Le Conseil constitutionnel a aujourd'hui un considérant bien fixé : « considérant qu'il incombe au législateur d'exercer pleinement la compétence que lui confie la Constitution et, en particulier, son article 34 ; que l'objectif de valeur constitutionnelle d'intelligibilité et d'accessibilité de la loi, qui découle des articles 4, 5, 6 et 16 de la Déclaration de 1789, lui impose d'adopter des dispositions suffisamment précises et des formules non équivoques » (n° 2009-599 DC du 29 décembre 2009).

Selon la jurisprudence constante du Conseil constitutionnel, l'objectif d'accessibilité et d'intelligibilité de la loi ne peut en lui-même être invoqué à l'appui d'une QPC (n° 2012-280 QPC du 12 octobre 2012 et n° 2012-283 QPC du 23 novembre 2012).

Mais cet objectif d'accessibilité et d'intelligibilité de la loi, lorsqu'il est fondé sur la méconnaissance de la première phrase de l'article 2 de la Constitution, peut être invoqué à l'appui d'une question prioritaire de constitutionnalité (n° 2010-285 QPC du 30 novembre 2012).
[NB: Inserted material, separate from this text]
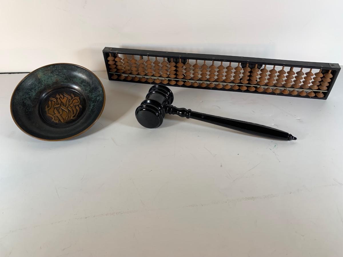 Lot includes a vintage Abacus, black wooden Gavel and a little metal bowl that measures 5 1/4".

Le Conseil a ainsi jugé « qu'aux termes du premier alinéa de l'article 2 de la Constitution : « La langue de la République est le français » ; que si la méconnaissance de l'objectif de valeur constitutionnelle d'accessibilité et d'intelligibilité de la loi, qui découle des articles 4, 5, 6 et 16 de la Déclaration de 1789, ne peut, en elle-même, être invoquée à l'appui d'une question prioritaire de constitutionnalité sur le fondement de l'article 61-1 de la Constitution, l'atteinte à l'objectif de valeur constitutionnelle d'accessibilité de la loi qui résulte de l'absence de version française d'une disposition législative peut être invoquée à l'appui d'une question prioritaire de constitutionnalité » (cons. 12).

Ainsi, à la place qui est la sienne, le Conseil constitutionnel œuvre pour la qualité de la loi. Celle-ci est cependant d'abord le fait de ceux qui préparent et votent la loi. Il faut espérer une prise de conscience renouvelée des exigences en cette matière. Votre colloque peut sans doute y contribuer . Restons optimiste.